__Problem to solve__: The reply should contain all the data below, repeated exactly, and none of the images.

__Supplied data__:
■ ■ ■ ■ ■ ■ ■

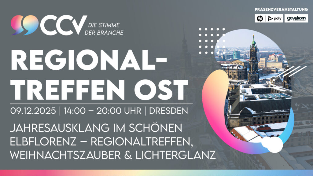Im Rahmen des Treffens finden Nachwahlen für die CCV-Regionalleitung Ost statt, da Martin Wittig zum Jahresende aus dem Amt scheidet. Tobias Heinrich, Head of Voice Solutions & Project Management bei der StröerX, kandidiert. Lesen Sie HIER mehr zu seinen Beweggründen und Vorhaben. Wenn auch Sie Interesse am Ehrenamt haben, wenden Sie sich gern an Jördis Harenkamp aus der CCV-Geschäftsstelle oder die weiterhin amtierende CCV-Regionalleiterin Ost Melanie Goldstein.
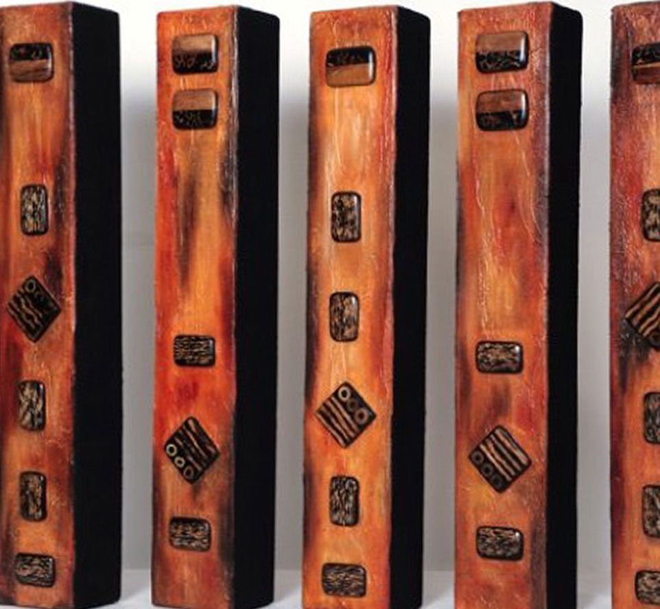 “My art is very unique because the materials I use are a combination of the plasters I use on the walls for faux painting, I incorporate the fusion glass, rocks and stones into the art. So, it’s quite different from a painting, or someone who just does glass or someone who just does jewelry. This art comes from my heart, and I hope that it speaks to your heart.” Peppy has made a transformative journey from corporate Human Resource Director to fine artist. More about Peppy…
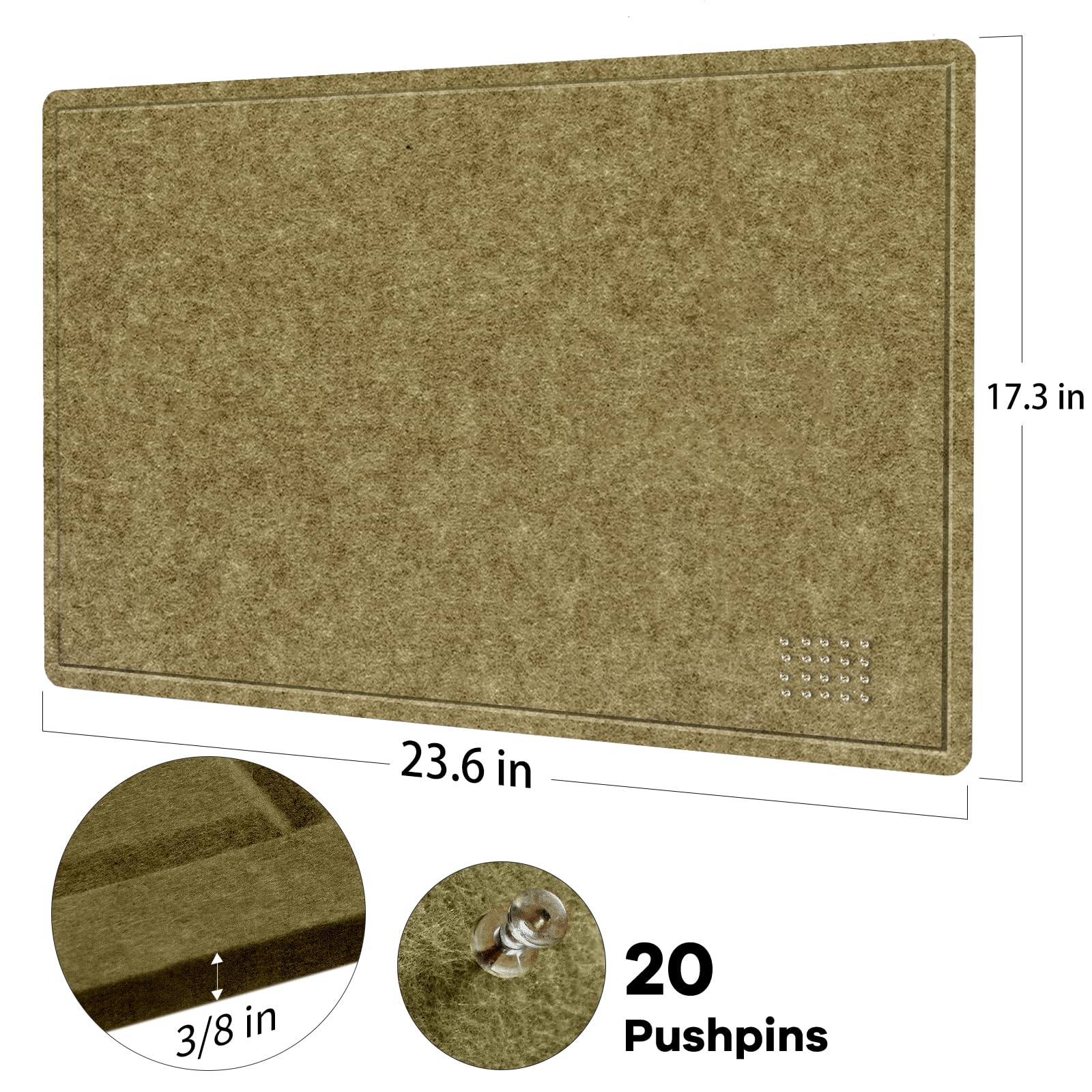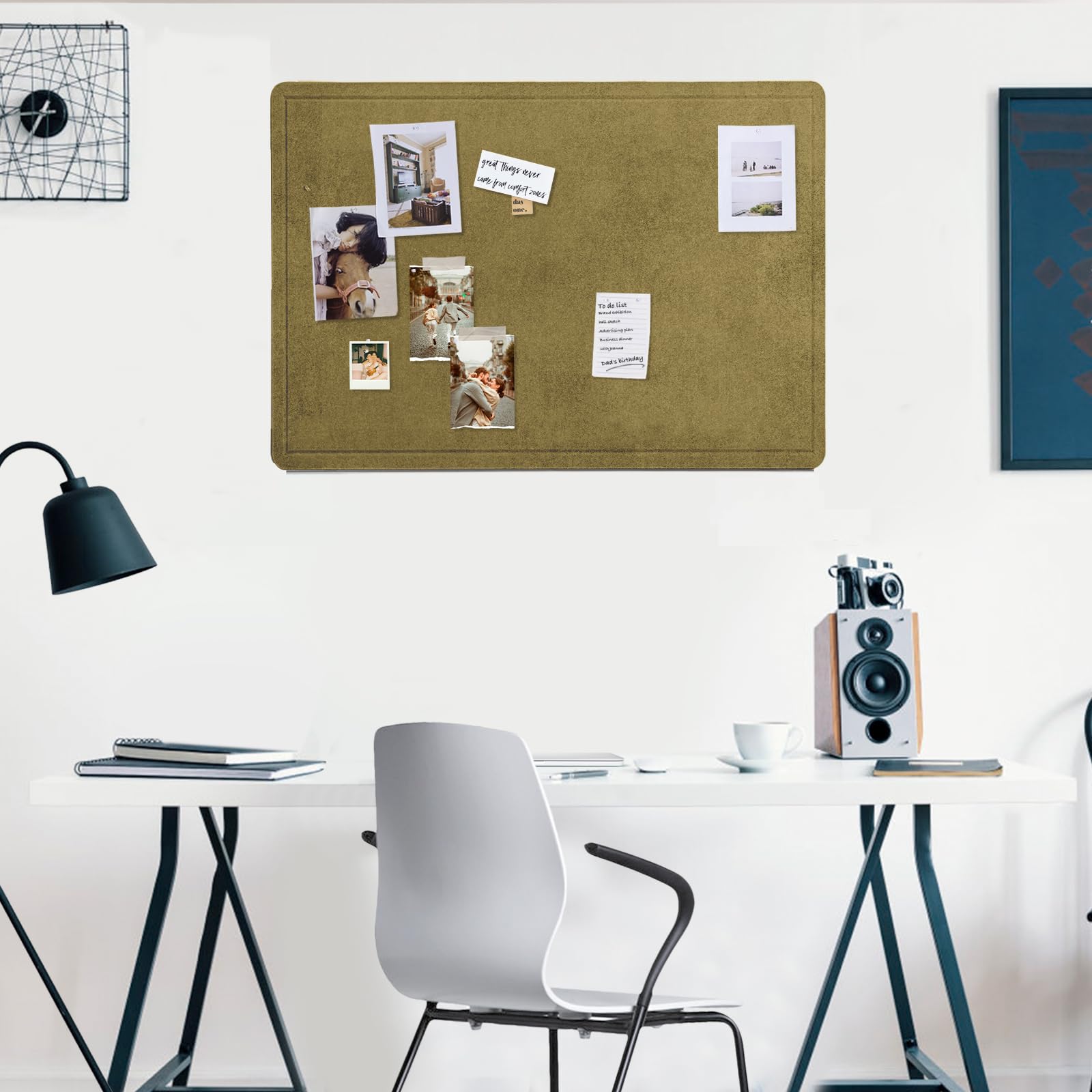 Bulletin Board, 24 x 18 inches Felt Board Decorative Pin Board, Cork Board Alternative for Wall, Foldable Photo Board Self-Adhesive Vision Board Mood Board with 20 Pushpins - Olive

■ ■ ■ ■ ■ ■ ■

__Response to this task__:
Im Rahmen des Treffens finden Nachwahlen für die CCV-Regionalleitung Ost statt, da Martin Wittig zum Jahresende aus dem Amt scheidet. Tobias Heinrich, Head of Voice Solutions & Project Management bei der StröerX, kandidiert. Lesen Sie HIER mehr zu seinen Beweggründen und Vorhaben. Wenn auch Sie Interesse am Ehrenamt haben, wenden Sie sich gern an Jördis Harenkamp aus der CCV-Geschäftsstelle oder die weiterhin amtierende CCV-Regionalleiterin Ost Melanie Goldstein.
 “My art is very unique because the materials I use are a combination of the plasters I use on the walls for faux painting, I incorporate the fusion glass, rocks and stones into the art. So, it’s quite different from a painting, or someone who just does glass or someone who just does jewelry. This art comes from my heart, and I hope that it speaks to your heart.” Peppy has made a transformative journey from corporate Human Resource Director to fine artist. More about Peppy…
 Bulletin Board, 24 x 18 inches Felt Board Decorative Pin Board, Cork Board Alternative for Wall, Foldable Photo Board Self-Adhesive Vision Board Mood Board with 20 Pushpins - Olive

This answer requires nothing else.